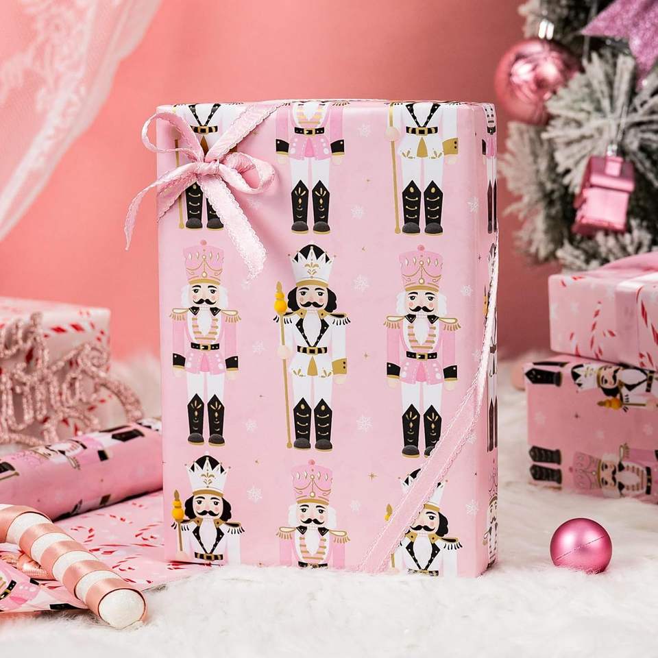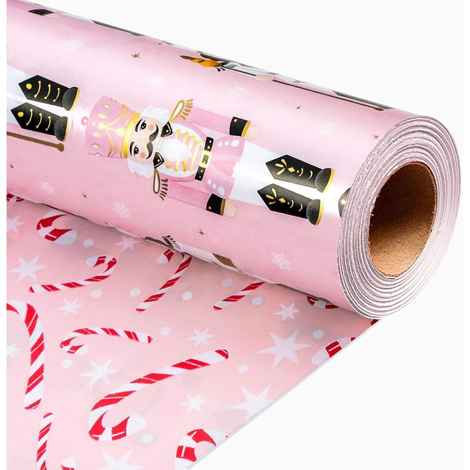 Rotolo di Carta da Regalo Natalizia Rosa Reversibile con Lamina Metallica Lucida, Schiaccianoci e Bastoncini di Zucchero per Confezioni Regalo Festive e Capodanno
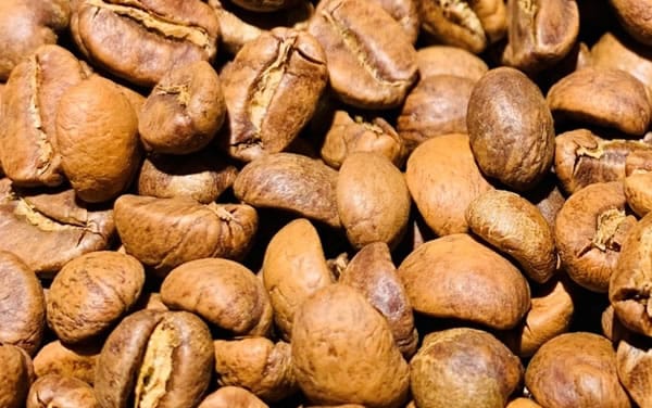 (6-8 min 380º) Within each bean, pressure is built through increased temperatures. The beans become EXOTHERMIC, producing their own RADIANT HEAT. As they swell, steam and carbon dioxide are released creating the audible FIRST CRACK. A thin membrane of CHAFF adhered to the fold of each bean is released. As sugars caramelize, lingering greenish aromas dissipate and more familiar coffee-like aromas are noticeable.
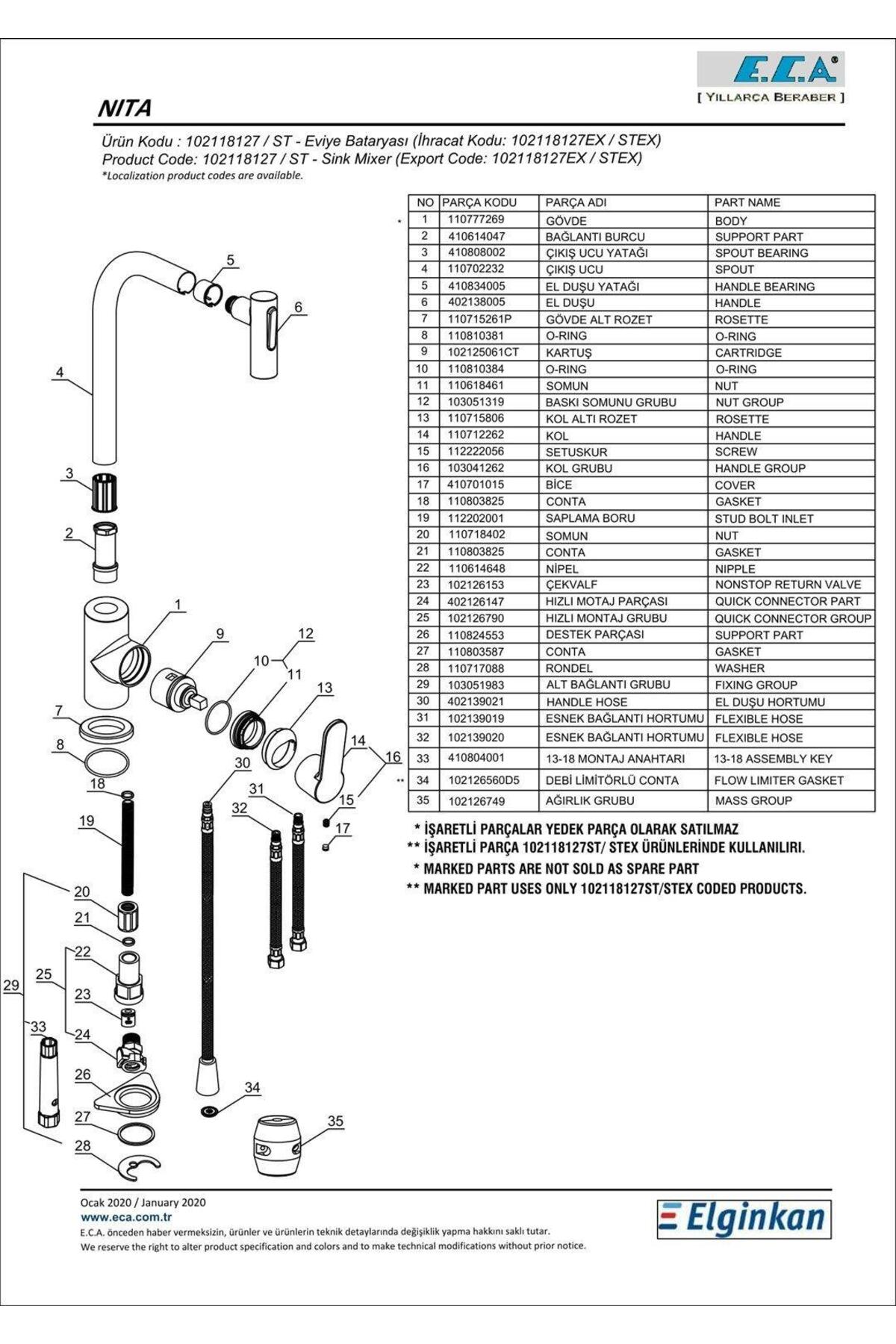 | * | NOT | : | 360º döner çıkış uçlu. T El Duşu |
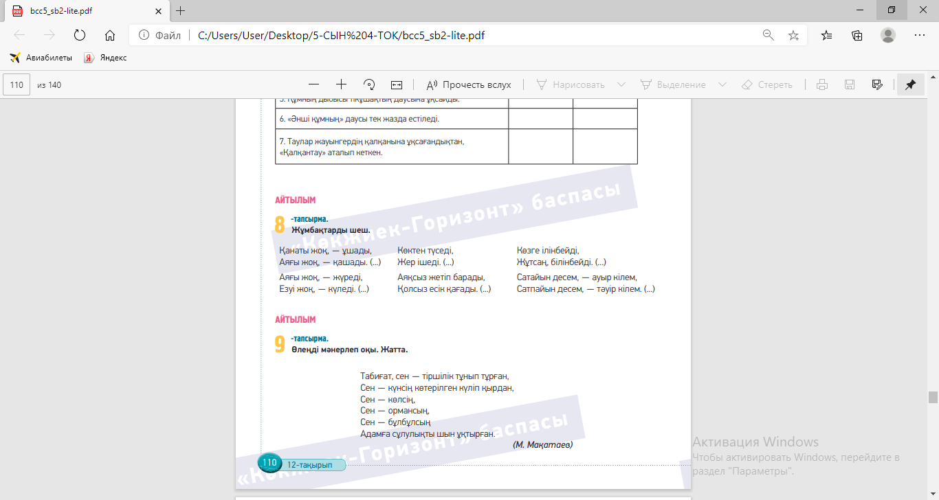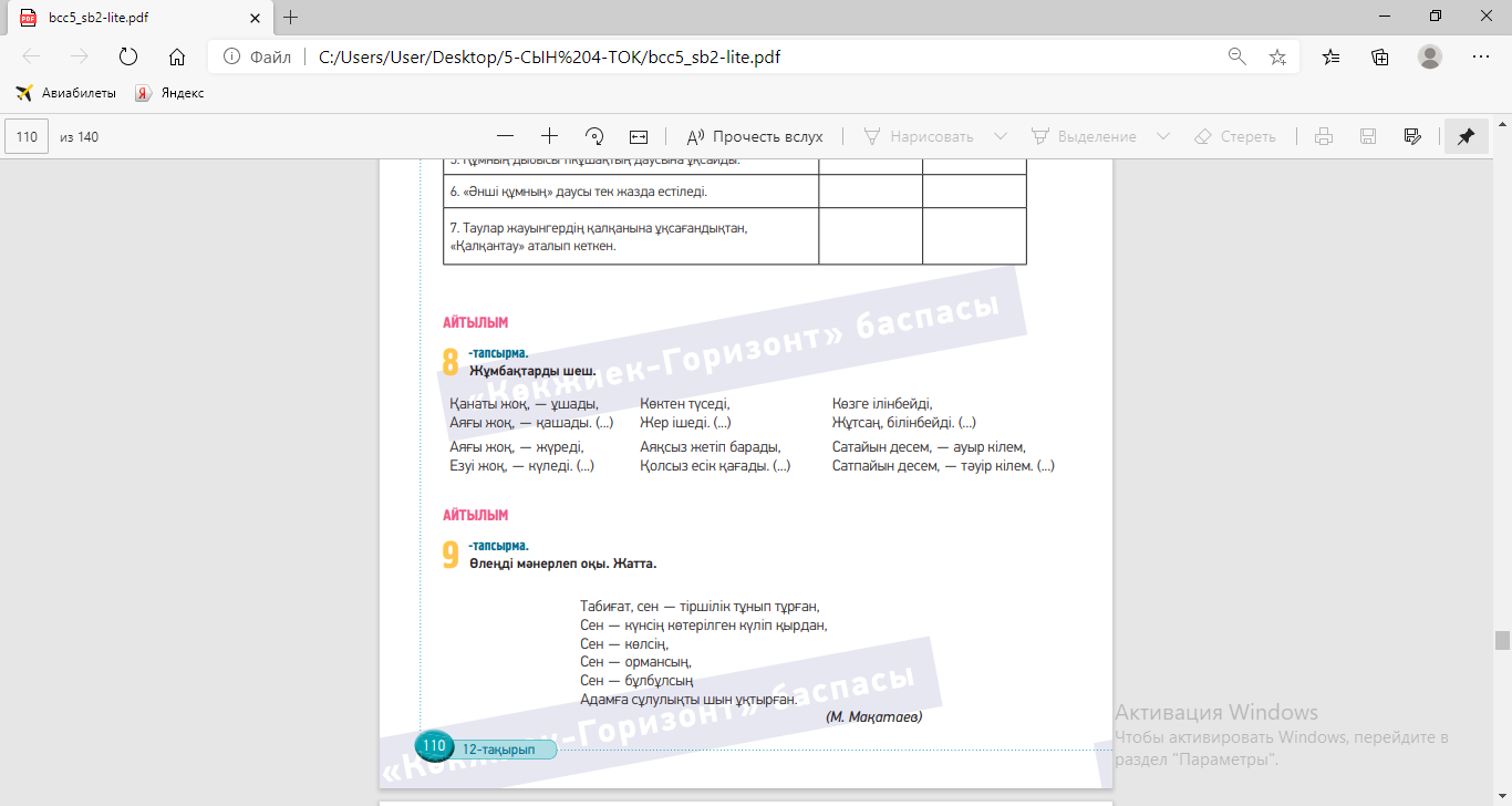 Айтылым. 3-тапсырма. Өлеңді мәнерлеп оқы. Жатта.
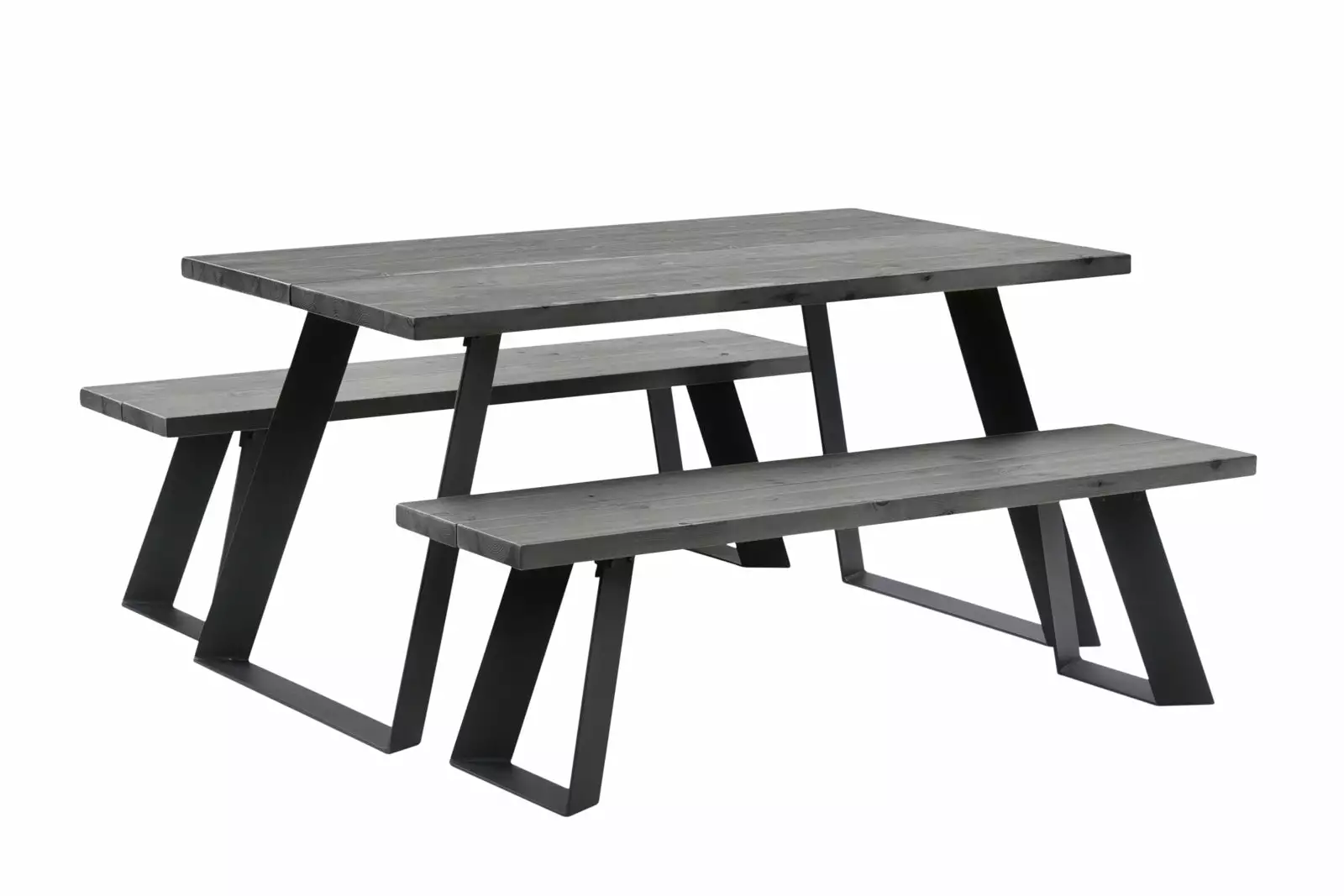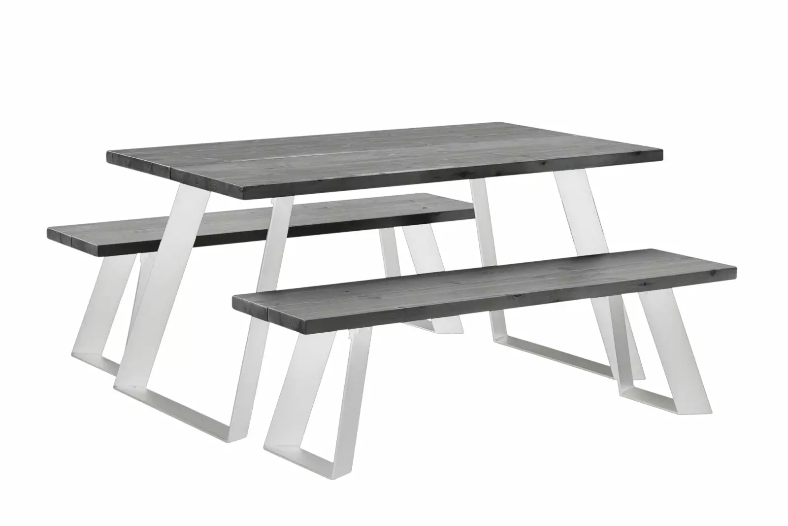 Upea Venla-penkkiryhmä on nykyaikainen versio perinteisestä pirttikalustosta. Se on näyttävä ilmestys ja sopii sekä sisä- että ulkokäyttöön. Saat räätälöityä mieleisesi version pöydästä ja penkeistä valitsemalla kansivärin sekä jalkamallin ja jalkojen värin. Tässä Venla-penkkiryhmän mallissa on vinot metallijalat. Kahdesta lankusta valmistettu pöydänkansi ja penkin istuin ovat vahattua ja harjattua massiivimäntyä.
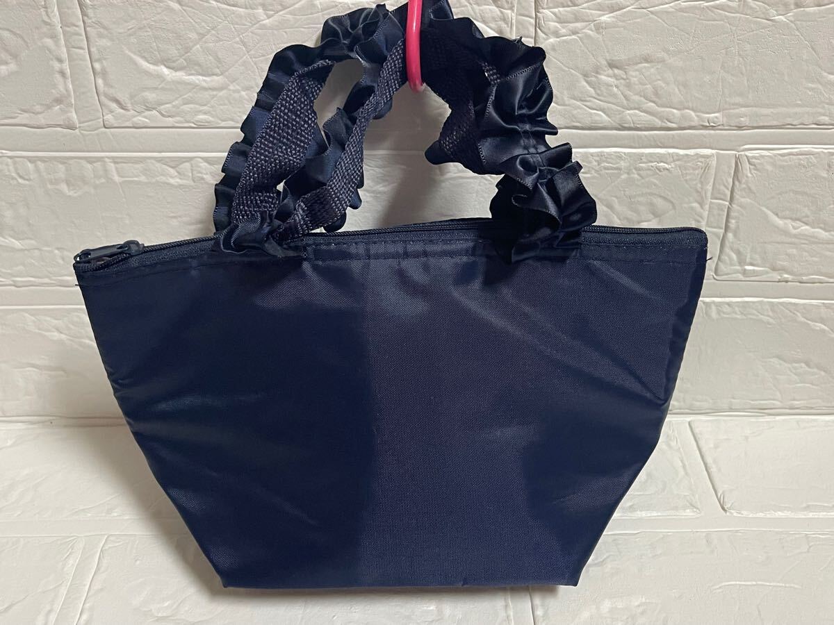 - 新品☆フリルミニトートバッグ 紺色 雑貨小物 小物入れ 旅行 温泉 トラベルに ファッション雑貨
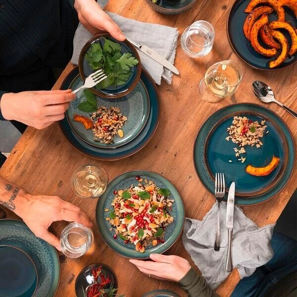 Die beiden Farbtöne Denim, ein intensives Grau-Grün, und Breeze, ein verwaschenes Jeans-Blau, werden durch einen kräftigen Töpfer-Braunton eingerahmt. Jede Farbe für sich wirkt trendbewusst und mediterran. Für Abwechslung auf dem Tisch lassen sich beide Farben mixen und matchen – dank den vielfältigen Kombinationsmöglichkeiten kommt garantiert keine Langeweile auf.
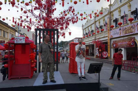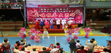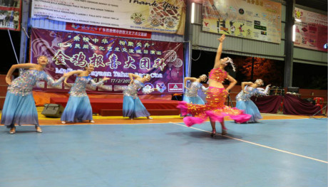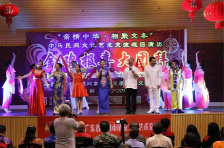 2月17日,应惠州籍彭亨州客家总公会会长、关丹客家公会会长叶运兴的邀请,惠州市侨联群星客家艺术团到关丹开展文化交流活动。关丹淡马鲁市有50万人口,其中华人有16万,集中居住在市区。上午到达后,艺术团成员参观了关丹特色文化园,向当地艺术家学习民族舞蹈;下午,客家山歌歌手陈国忠、青年歌手杜娟和舞蹈演员到社区开展客家山歌、中国舞宣传活动,受到当地华人学生的欢迎;黄红英和古东权老师到关丹客家公会合唱团教唱客家山歌。当晚,市侨联群星客家艺术团和当地惠州籍知名歌手黄赛凤在关丹篮球协会球场表演一场精彩的文艺节目,出席活动的嘉宾有马来西亚拿督沙费、关丹警区主任阿都阿兹沙列、拿督斯里海南会馆青年团张赈琮、拿督曾凤玲、拿督曾玟祯和彭亨州客家总公会会长叶运兴等,李世杰团长代表市侨联向关丹客家公会赠送书画作品“魂牵梦萦家乡水 轻歌曼舞中华情”。关丹客家公会组织300多名华人社团代表观看,周边社区也有200多名本地居民观看演出,当地居民对中国文化非常喜欢,掌声和欢呼声不断,演出结束后围着演员合影留念。
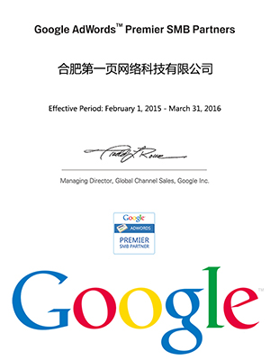 ★2015年2月11日,第一頁網(wǎng)絡(luò)科技正式成為Google中國區(qū)核心合作伙伴。第一頁網(wǎng)絡(luò)科技擁有了全球最大的搜索引擎Google授予的Google全球推廣資源,來幫助第一頁的客戶整合更專業(yè)、更全面、更高效的外貿(mào)營銷推廣方案。
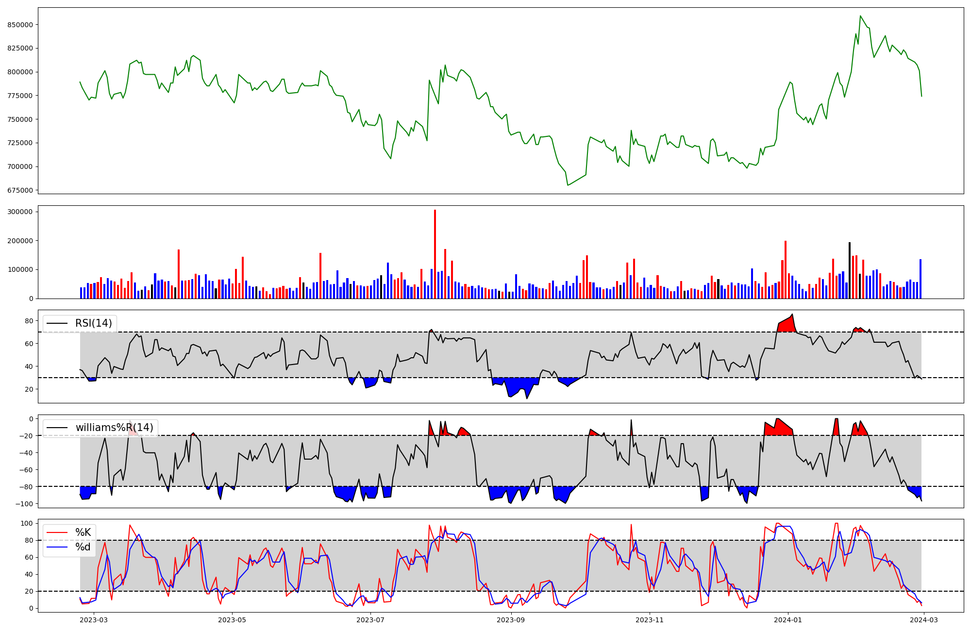 | RSI | Williams %R | stochastic(%K) | |

• • •

Please transcribe, word for word, every line from the first line of the records above through the line containing "2月17日,应惠州籍彭亨州客", and leave out any pictures.

 Rotolo di Carta da Regalo Natalizia Rosa Reversibile con Lamina Metallica Lucida, Schiaccianoci e Bastoncini di Zucchero per Confezioni Regalo Festive e Capodanno
 (6-8 min 380º) Within each bean, pressure is built through increased temperatures. The beans become EXOTHERMIC, producing their own RADIANT HEAT. As they swell, steam and carbon dioxide are released creating the audible FIRST CRACK. A thin membrane of CHAFF adhered to the fold of each bean is released. As sugars caramelize, lingering greenish aromas dissipate and more familiar coffee-like aromas are noticeable.
 | * | NOT | : | 360º döner çıkış uçlu. T El Duşu |
 Айтылым. 3-тапсырма. Өлеңді мәнерлеп оқы. Жатта.
 Upea Venla-penkkiryhmä on nykyaikainen versio perinteisestä pirttikalustosta. Se on näyttävä ilmestys ja sopii sekä sisä- että ulkokäyttöön. Saat räätälöityä mieleisesi version pöydästä ja penkeistä valitsemalla kansivärin sekä jalkamallin ja jalkojen värin. Tässä Venla-penkkiryhmän mallissa on vinot metallijalat. Kahdesta lankusta valmistettu pöydänkansi ja penkin istuin ovat vahattua ja harjattua massiivimäntyä.
 - 新品☆フリルミニトートバッグ 紺色 雑貨小物 小物入れ 旅行 温泉 トラベルに ファッション雑貨
 Die beiden Farbtöne Denim, ein intensives Grau-Grün, und Breeze, ein verwaschenes Jeans-Blau, werden durch einen kräftigen Töpfer-Braunton eingerahmt. Jede Farbe für sich wirkt trendbewusst und mediterran. Für Abwechslung auf dem Tisch lassen sich beide Farben mixen und matchen – dank den vielfältigen Kombinationsmöglichkeiten kommt garantiert keine Langeweile auf.
 2月17日,应惠州籍彭亨州客家总公会会长、关丹客家公会会长叶运兴的邀请,惠州市侨联群星客家艺术团到关丹开展文化交流活动。关丹淡马鲁市有50万人口,其中华人有16万,集中居住在市区。上午到达后,艺术团成员参观了关丹特色文化园,向当地艺术家学习民族舞蹈;下午,客家山歌歌手陈国忠、青年歌手杜娟和舞蹈演员到社区开展客家山歌、中国舞宣传活动,受到当地华人学生的欢迎;黄红英和古东权老师到关丹客家公会合唱团教唱客家山歌。当晚,市侨联群星客家艺术团和当地惠州籍知名歌手黄赛凤在关丹篮球协会球场表演一场精彩的文艺节目,出席活动的嘉宾有马来西亚拿督沙费、关丹警区主任阿都阿兹沙列、拿督斯里海南会馆青年团张赈琮、拿督曾凤玲、拿督曾玟祯和彭亨州客家总公会会长叶运兴等,李世杰团长代表市侨联向关丹客家公会赠送书画作品“魂牵梦萦家乡水 轻歌曼舞中华情”。关丹客家公会组织300多名华人社团代表观看,周边社区也有200多名本地居民观看演出,当地居民对中国文化非常喜欢,掌声和欢呼声不断,演出结束后围着演员合影留念。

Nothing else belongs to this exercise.